It is a common paradox in feminist criticism and theory today that, while the very term "woman" is under interrogation, studies of women writers and female subjectivity continue to proliferate. Gerardine Meaney in (Un)Like Subjects: Women, Theory, Fiction and Lorna Sage in Women in the House of Fiction: Post- War Women Novelists both bring together a range of women writers in order to investigate the issues that underlie women's fiction and female subjectivity. As such, these volumes act as case studies for examining the usefulness of work that synthesizes writings of women from a variety of social positions.
In (Un)Like Subjects Meaney analyzes the "common ground" of contemporary theory and fiction by women to explore a "new form of feminine subjectivity" based on a dynamic, unstable relationship between mother and daughter. Her complex and often theoretically dense study uncovers this ground by moving back and forth between the work of female fiction writers and psychoanalytic theorists; she focuses on texts by Hélène Cixous, Luce lrigaray, Doris Lessing, Julia Kristeva, Muriel Spark, and Angela Carter—and positions them in relation to other canonical women writers, such as Emily Brontü and George Eliot, as well as a variety of male thinkers, including Freud, Engels, and Rousseau.
It is in the way Meaney attempts to conjoin varied fiction and theory, rather than in her thesis, that this study is most provocative. She wants to avoid "the application of ready-made theory to docile novels," using theory to illuminate novels and vice versa. Theory, thus, becomes a form of fiction; fiction, a form of theory. That theory gives no greater or lesser insight into feminine subjectivity than a novel is a potentially important concept for women. Like any resisting readers, women can contest, even disregard, the paradigms of Freud and Lacan; they need no longer feel mired in them.
However, while suggesting this promising methodology, Meaney does not fully carry out her radical intent. More often than not, it is theory that is quoted as a gloss on fiction. So, for instance, even when asserting Spark's creation of a full, feminine speaking subject, Meaney turns to Kristeva's concepts of the abject and the sublime to make sense of Spark. Certainly, Meaney's work is valuable in elucidating thorny theoretical essays: her reading of Kristeva's "Stabat Mater," for example, illuminates a mother and daughter in the text as alike, yet different, the eponymous "(un)like subjects." But, finally, psychoanalytic theory appears as an explanatory discourse privileged over fiction, holding feminine subjects in roles of mothers and daughters.

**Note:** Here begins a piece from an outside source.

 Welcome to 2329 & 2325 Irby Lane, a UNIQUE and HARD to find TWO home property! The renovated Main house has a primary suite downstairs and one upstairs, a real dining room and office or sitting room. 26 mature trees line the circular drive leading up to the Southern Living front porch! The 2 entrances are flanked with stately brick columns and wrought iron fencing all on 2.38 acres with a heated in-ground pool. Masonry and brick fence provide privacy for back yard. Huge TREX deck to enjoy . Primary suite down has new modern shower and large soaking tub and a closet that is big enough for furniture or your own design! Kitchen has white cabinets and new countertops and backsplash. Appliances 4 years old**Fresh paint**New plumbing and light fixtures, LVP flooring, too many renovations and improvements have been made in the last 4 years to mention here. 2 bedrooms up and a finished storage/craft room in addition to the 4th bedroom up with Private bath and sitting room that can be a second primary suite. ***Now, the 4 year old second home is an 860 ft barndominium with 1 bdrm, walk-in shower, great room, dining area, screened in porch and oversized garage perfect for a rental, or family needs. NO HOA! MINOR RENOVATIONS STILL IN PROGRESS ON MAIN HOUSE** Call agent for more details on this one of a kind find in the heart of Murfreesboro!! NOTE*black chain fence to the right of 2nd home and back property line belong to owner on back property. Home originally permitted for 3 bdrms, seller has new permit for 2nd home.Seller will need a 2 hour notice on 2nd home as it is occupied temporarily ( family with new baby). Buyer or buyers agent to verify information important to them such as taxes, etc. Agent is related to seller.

The concentration on psychoanalysis may also be the basis of this book's complicated relationship to history. Meaney claims to be integrating historical and theoretical analyses but, in fact, elides the specificity of the writers' historical and social positions (especially notable when Eliot, Brontü, Kristeva, and Carter are all discussed in a few pages). Meaney may be responding to this criticism when she invokes Kristeva's essay "Women's Time," which indicates that history, having silenced and sacrificed women, needs to be redefined in nonlinear ways. But, Meaney, herself, highlights Kristeva's point that a subject cannot exist wholly outside the symbolic order, the linguistic form associated with linear temporality. Meaney's writing subjects seem fully outside of history—an impossibility according to her own reading of Kristeva. Again, Meaney's analysis of complex theory is highly useful, but her employment is somewhat disappointing.

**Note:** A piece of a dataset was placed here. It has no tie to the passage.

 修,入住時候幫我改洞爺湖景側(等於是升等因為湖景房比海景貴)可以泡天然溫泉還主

Lorna Sage, too, grapples with issues of time and place in her study, Women in the House of Fiction. Sage talks about the historical specificity of women's writing; the "house of fiction" is a reminder that writing comes from a place, shaped by historical forces. Sage includes a dizzying array of writers: her study begins with Beauvoir and spans British, American, Australian, Irish, Canadian, and French writers, including Doris Lessing, Christina Stead, Tillie Olsen, Edna O'Brien, Margaret Drabble, Erica Jong, Fay Weldon, Margaret Atwood, Toni Morrison, and Joyce Carol Oates—to name only some. The chapters divide the writers into general historical groups—that is, "After the War," "The [Women's] Movement"—based on textual constructions of woman's position as Other.